Information supplied:
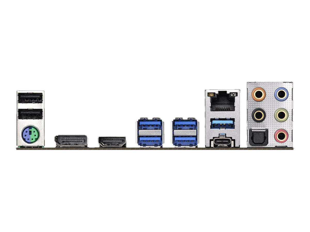 Interface bagpanel 1 x PS/2 tastatur/mus, 1 x LAN (Gigabit Ethernet), 1 x TOSLINK, 1 x DisplayPort, 1 x HDMI, 2 x USB 2.0, 4 x USB 3.1 Gen 1, 2 x USB 3.1 Gen 2 (Type-A og Type-C), 1 x audio linje-ind (mini-jack), 1 x audio linje-ud (mini-jack), 1 x mikrofon (mini-jack)
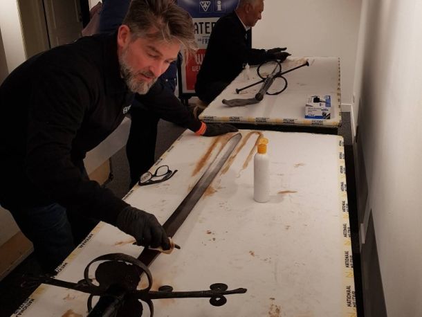 En toen kwam het telefoontje van het Nationaal Militair Museum. Of ze de twee zwaarden die op de Raadzaal hingen mochten onderzoeken. Birgit Yzer – die het collectiebeheer verzorgt – zei dat ze van harte welkom waren, en en passant zie ze ook dat we er nog tien hadden. En de conservervatoren van NMM ontploften bijna van enthousiasme: “Dan ben je als conservator echt heel blij”, zegt Casper van Dijk.
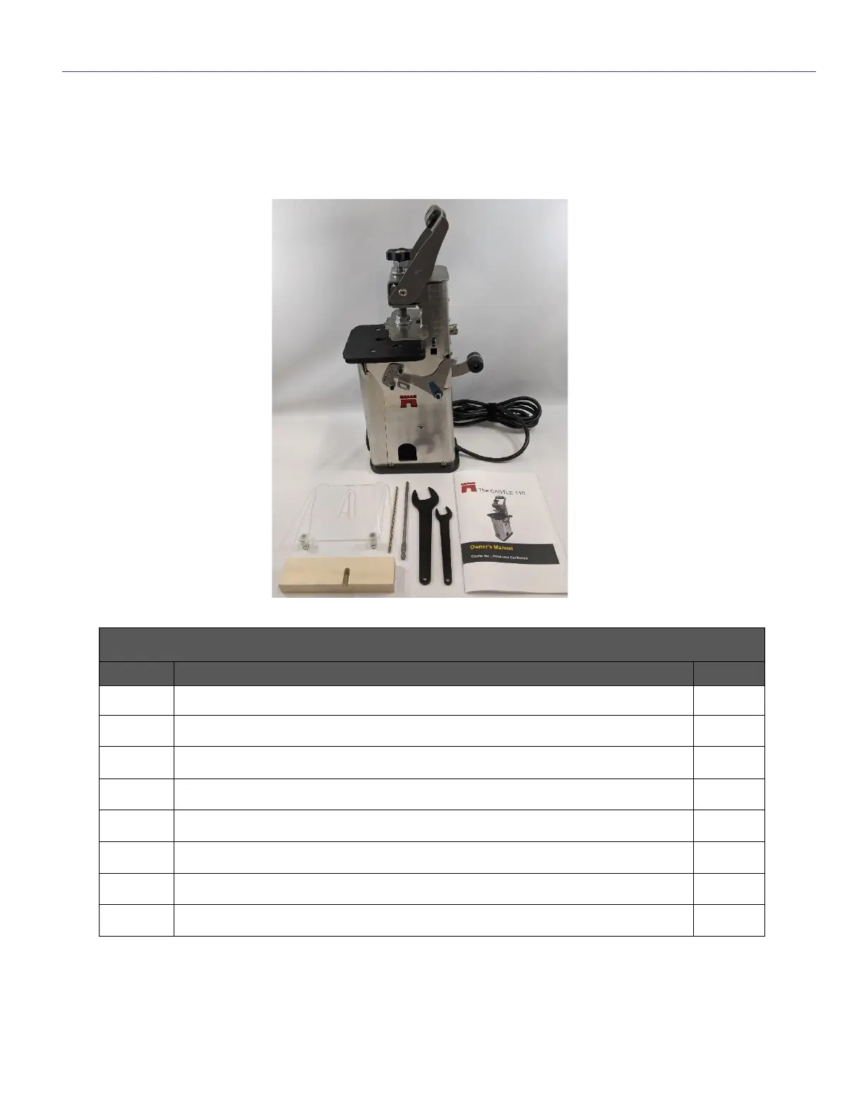 THE CASTLE-110 PORTABLE POCKET MACHINE PACKING LIST

Exercise brief: Could you copy the lines above exactly and skip the images?

Finished exercise:
 Interface bagpanel 1 x PS/2 tastatur/mus, 1 x LAN (Gigabit Ethernet), 1 x TOSLINK, 1 x DisplayPort, 1 x HDMI, 2 x USB 2.0, 4 x USB 3.1 Gen 1, 2 x USB 3.1 Gen 2 (Type-A og Type-C), 1 x audio linje-ind (mini-jack), 1 x audio linje-ud (mini-jack), 1 x mikrofon (mini-jack)
 En toen kwam het telefoontje van het Nationaal Militair Museum. Of ze de twee zwaarden die op de Raadzaal hingen mochten onderzoeken. Birgit Yzer – die het collectiebeheer verzorgt – zei dat ze van harte welkom waren, en en passant zie ze ook dat we er nog tien hadden. En de conservervatoren van NMM ontploften bijna van enthousiasme: “Dan ben je als conservator echt heel blij”, zegt Casper van Dijk.
 THE CASTLE-110 PORTABLE POCKET MACHINE PACKING LIST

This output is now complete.